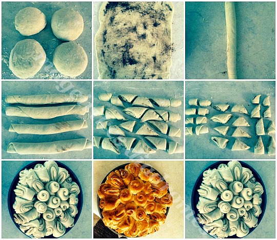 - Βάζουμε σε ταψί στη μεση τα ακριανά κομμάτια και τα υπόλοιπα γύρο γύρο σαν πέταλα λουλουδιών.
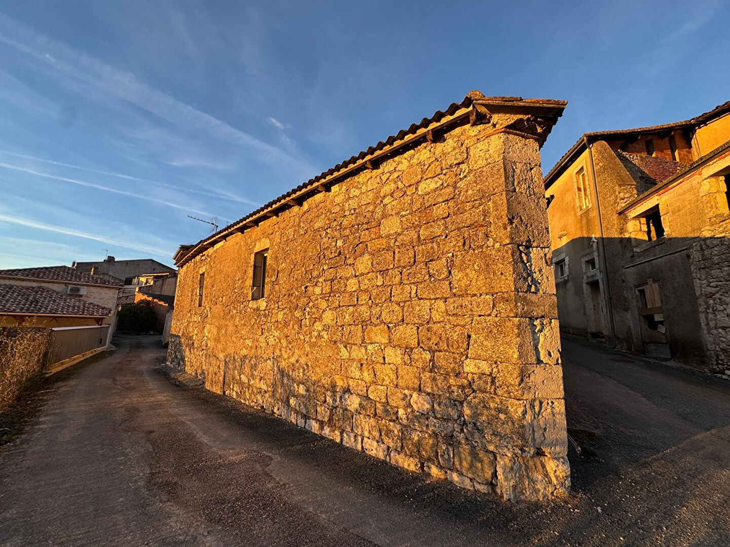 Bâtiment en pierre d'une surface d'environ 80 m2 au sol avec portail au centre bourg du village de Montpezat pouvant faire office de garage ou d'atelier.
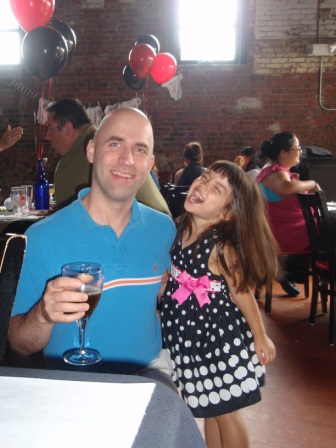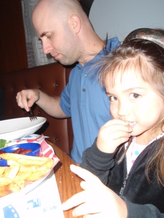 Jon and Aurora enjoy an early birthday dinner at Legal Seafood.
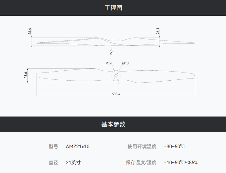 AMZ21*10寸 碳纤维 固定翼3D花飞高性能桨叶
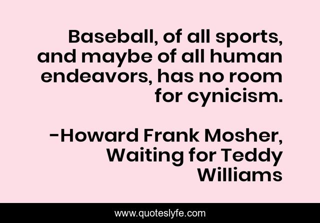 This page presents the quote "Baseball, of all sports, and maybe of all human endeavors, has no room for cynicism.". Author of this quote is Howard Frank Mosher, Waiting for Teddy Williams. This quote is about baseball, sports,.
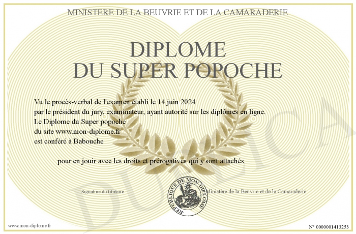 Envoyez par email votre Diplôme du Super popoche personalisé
###
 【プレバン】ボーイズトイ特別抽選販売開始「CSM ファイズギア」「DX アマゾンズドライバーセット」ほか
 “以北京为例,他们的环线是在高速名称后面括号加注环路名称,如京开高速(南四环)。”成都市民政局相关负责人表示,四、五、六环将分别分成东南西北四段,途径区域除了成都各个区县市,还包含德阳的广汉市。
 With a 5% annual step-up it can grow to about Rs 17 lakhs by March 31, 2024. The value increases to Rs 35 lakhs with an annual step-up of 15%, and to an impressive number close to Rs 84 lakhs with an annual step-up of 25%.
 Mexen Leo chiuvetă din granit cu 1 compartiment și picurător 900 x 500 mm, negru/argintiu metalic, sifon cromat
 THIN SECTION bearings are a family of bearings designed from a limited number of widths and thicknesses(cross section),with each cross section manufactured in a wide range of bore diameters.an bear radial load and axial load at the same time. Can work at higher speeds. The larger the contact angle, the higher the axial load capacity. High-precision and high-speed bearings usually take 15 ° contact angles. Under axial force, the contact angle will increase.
###
Using the entries above, transcribe every line from the line containing "AMZ21*10寸 碳纤维 固定翼3D花飞高性能桨叶" through the line containing "Envoyez par email". Do not copy pictures.

● **Task solution**
 AMZ21*10寸 碳纤维 固定翼3D花飞高性能桨叶
 This page presents the quote "Baseball, of all sports, and maybe of all human endeavors, has no room for cynicism.". Author of this quote is Howard Frank Mosher, Waiting for Teddy Williams. This quote is about baseball, sports,.
 Envoyez par email votre Diplôme du Super popoche personalisé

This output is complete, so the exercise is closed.